Problem to work on
Please repeat, exactly and without pictures, the lines of the entries below that run from the one containing "Ideális 3-5 fő" through the one containing "2。 每一分钟:30名旅客和".

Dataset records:
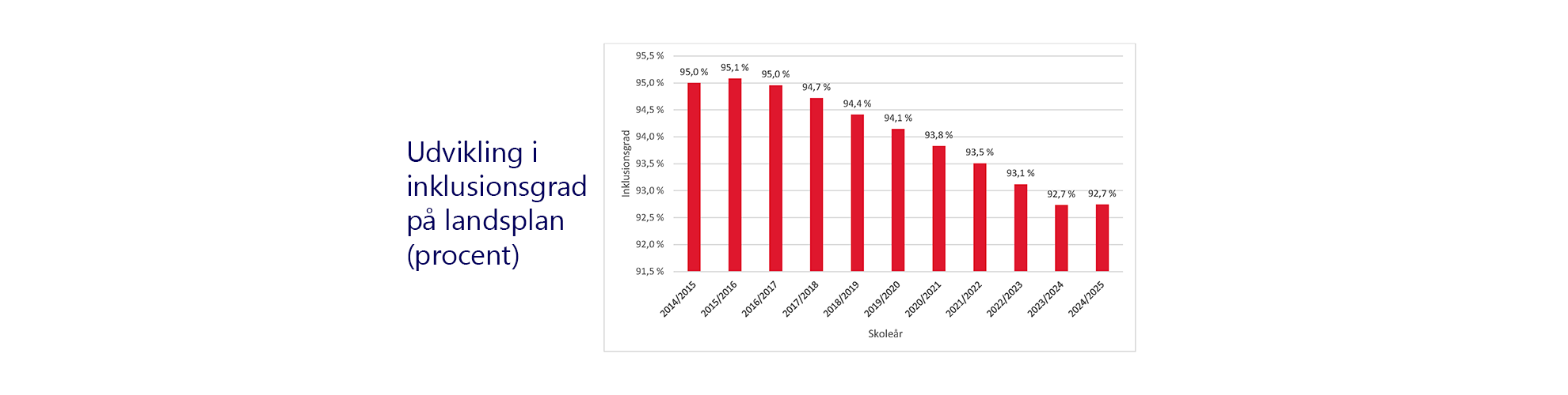 Folkeskoleloven bygger på princippet om en inkluderende skole – en skole for alle uanset faglige færdigheder og hvor børn med særlige behov ikke udskilles til særlige undervisningstilbud men undervises i den almindelige klasse med den nødvendige støtte. Folkeskolen skal samtidig også sikre faglig læring og trivsel for alle, og det er ikke nødvendigvis helt let, når undervisningen skal dække en elevgruppe med forskellige behov.
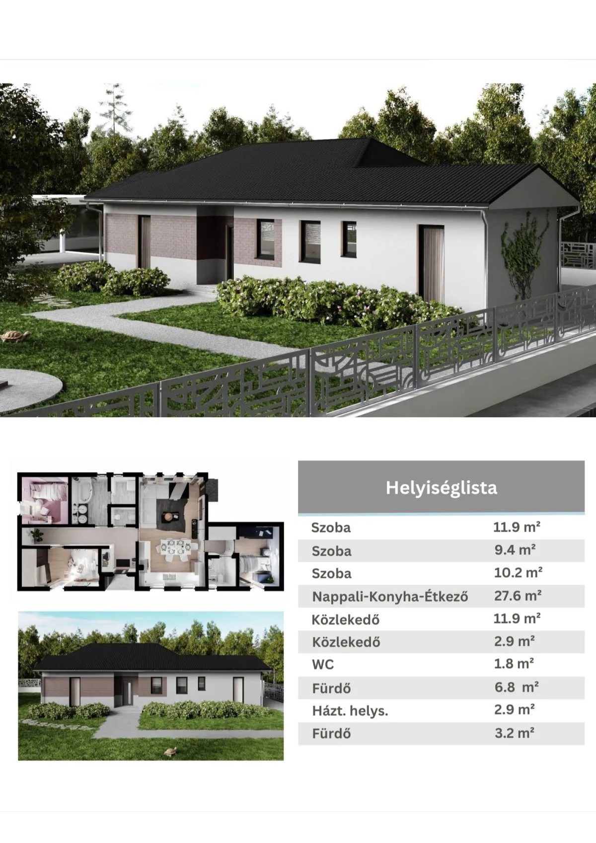 Ideális 3-5 fő számáraBruttó 112 m2Nettó 93 m2Ajánlott telekterület: minimum 500 m2Kész állapotban: 21.670.880 Ftt-tól
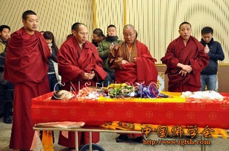 12月7日,“最美新娘”李成环追悼会在青海省西宁神安殡仪馆举行,甘肃青海两省人民在这里共同送别这位“最美新娘”。图为玉树结古寺僧人在李成环遗体火化前为她诵经超度。
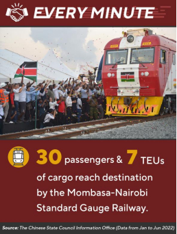 2。 每一分钟:30名旅客和7标箱货物通过蒙巴萨-内罗毕标轨铁路(蒙内铁路)到达目的地
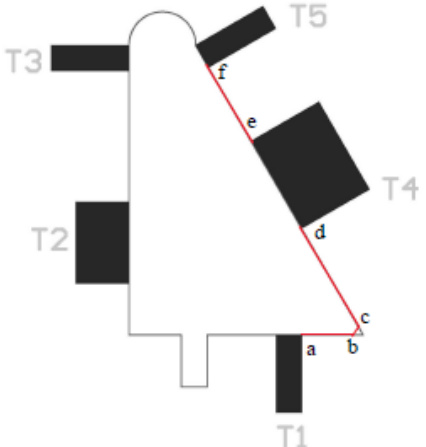 T1 与T2 之间的爬电距离测量方面,重点要考虑两个因素,一是夹角部分的V 型沟槽的影响,二是T4 金属带的影响。其中金属带部分按照GB 4943.1-2022 附录中图O.4 的内容,不计入爬电距离数值;而V 型沟槽部分,经过测量该夹角小于80°,需按照GB 4943.1-2022附录中图O.4 的内容进行跨越连接。爬电距离路径如图5 所示,测量线段ab 长度+ 线段bc 长度+ 线段cd 长度+ 线段ef 即为最终测量的爬电距离数值,其中bc 段按照标准的要求取值为1mm。

Answer section
 Ideális 3-5 fő számáraBruttó 112 m2Nettó 93 m2Ajánlott telekterület: minimum 500 m2Kész állapotban: 21.670.880 Ftt-tól
 12月7日,“最美新娘”李成环追悼会在青海省西宁神安殡仪馆举行,甘肃青海两省人民在这里共同送别这位“最美新娘”。图为玉树结古寺僧人在李成环遗体火化前为她诵经超度。
 2。 每一分钟:30名旅客和7标箱货物通过蒙巴萨-内罗毕标轨铁路(蒙内铁路)到达目的地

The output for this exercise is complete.